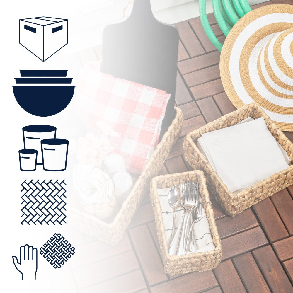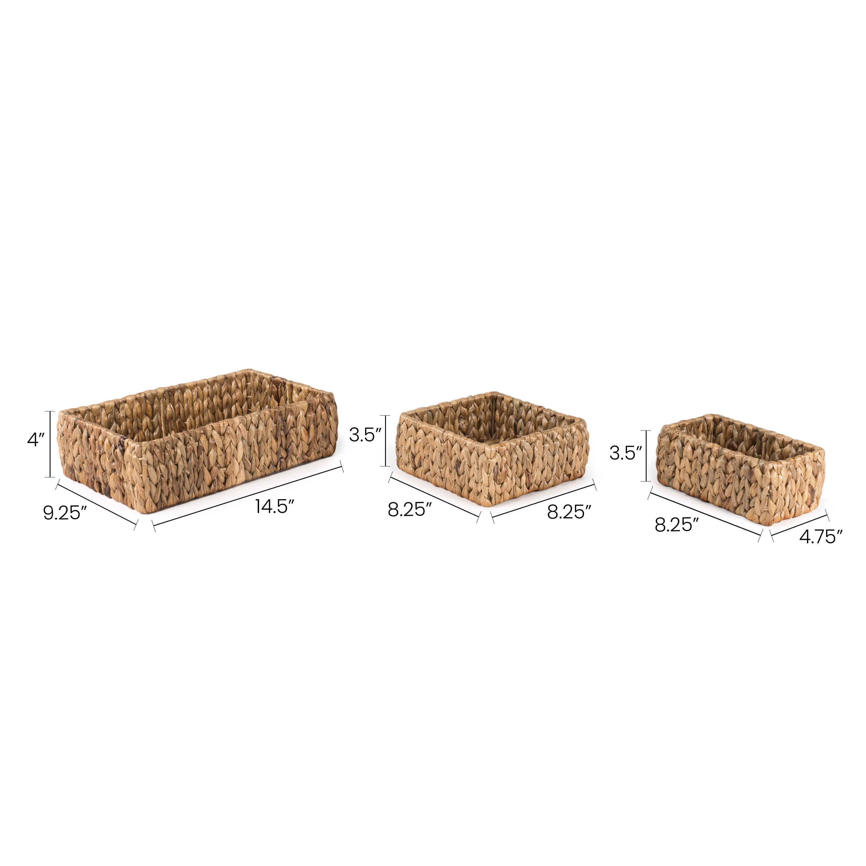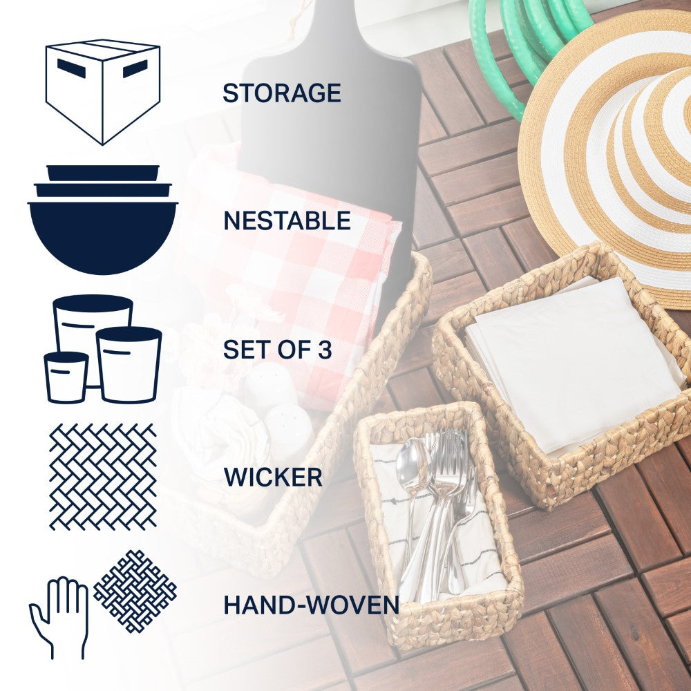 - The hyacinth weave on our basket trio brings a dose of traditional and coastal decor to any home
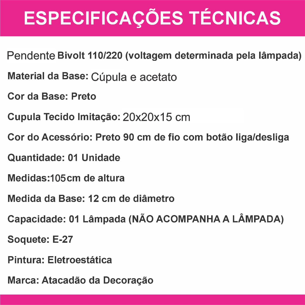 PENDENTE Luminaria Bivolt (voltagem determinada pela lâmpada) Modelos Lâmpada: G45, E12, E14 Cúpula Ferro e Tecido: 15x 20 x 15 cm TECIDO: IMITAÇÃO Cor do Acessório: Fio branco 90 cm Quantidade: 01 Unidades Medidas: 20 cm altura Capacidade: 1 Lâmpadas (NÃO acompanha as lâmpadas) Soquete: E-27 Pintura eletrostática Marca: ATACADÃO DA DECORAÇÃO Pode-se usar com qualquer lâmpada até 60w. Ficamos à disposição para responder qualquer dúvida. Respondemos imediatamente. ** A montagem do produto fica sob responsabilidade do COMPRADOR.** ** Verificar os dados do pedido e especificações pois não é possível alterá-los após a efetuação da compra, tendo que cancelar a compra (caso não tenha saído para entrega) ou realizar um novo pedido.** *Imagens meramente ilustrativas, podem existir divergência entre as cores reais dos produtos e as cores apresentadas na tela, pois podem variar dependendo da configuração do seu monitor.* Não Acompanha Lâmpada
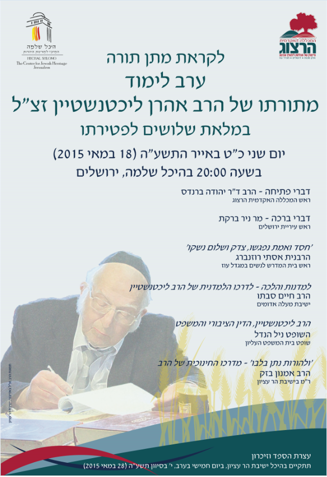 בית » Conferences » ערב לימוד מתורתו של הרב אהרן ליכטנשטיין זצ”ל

::::::::::

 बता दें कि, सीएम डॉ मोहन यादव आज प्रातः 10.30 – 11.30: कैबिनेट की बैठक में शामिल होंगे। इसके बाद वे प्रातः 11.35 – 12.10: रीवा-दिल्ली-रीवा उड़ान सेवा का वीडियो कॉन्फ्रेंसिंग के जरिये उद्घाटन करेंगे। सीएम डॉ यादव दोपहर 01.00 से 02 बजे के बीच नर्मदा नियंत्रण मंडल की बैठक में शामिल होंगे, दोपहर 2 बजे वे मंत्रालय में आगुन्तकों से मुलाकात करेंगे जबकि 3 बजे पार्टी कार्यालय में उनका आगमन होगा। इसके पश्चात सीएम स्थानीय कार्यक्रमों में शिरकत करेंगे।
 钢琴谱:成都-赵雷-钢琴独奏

::::::::::

**Your goal**
Repeat exactly the lines of the listing above, from the one with "बता दें कि, सीएम" down to the one with "钢琴谱:成都-赵雷-钢琴独奏"; both of those lines belong in the range.

**Reply to the task**
 बता दें कि, सीएम डॉ मोहन यादव आज प्रातः 10.30 – 11.30: कैबिनेट की बैठक में शामिल होंगे। इसके बाद वे प्रातः 11.35 – 12.10: रीवा-दिल्ली-रीवा उड़ान सेवा का वीडियो कॉन्फ्रेंसिंग के जरिये उद्घाटन करेंगे। सीएम डॉ यादव दोपहर 01.00 से 02 बजे के बीच नर्मदा नियंत्रण मंडल की बैठक में शामिल होंगे, दोपहर 2 बजे वे मंत्रालय में आगुन्तकों से मुलाकात करेंगे जबकि 3 बजे पार्टी कार्यालय में उनका आगमन होगा। इसके पश्चात सीएम स्थानीय कार्यक्रमों में शिरकत करेंगे।
 钢琴谱:成都-赵雷-钢琴独奏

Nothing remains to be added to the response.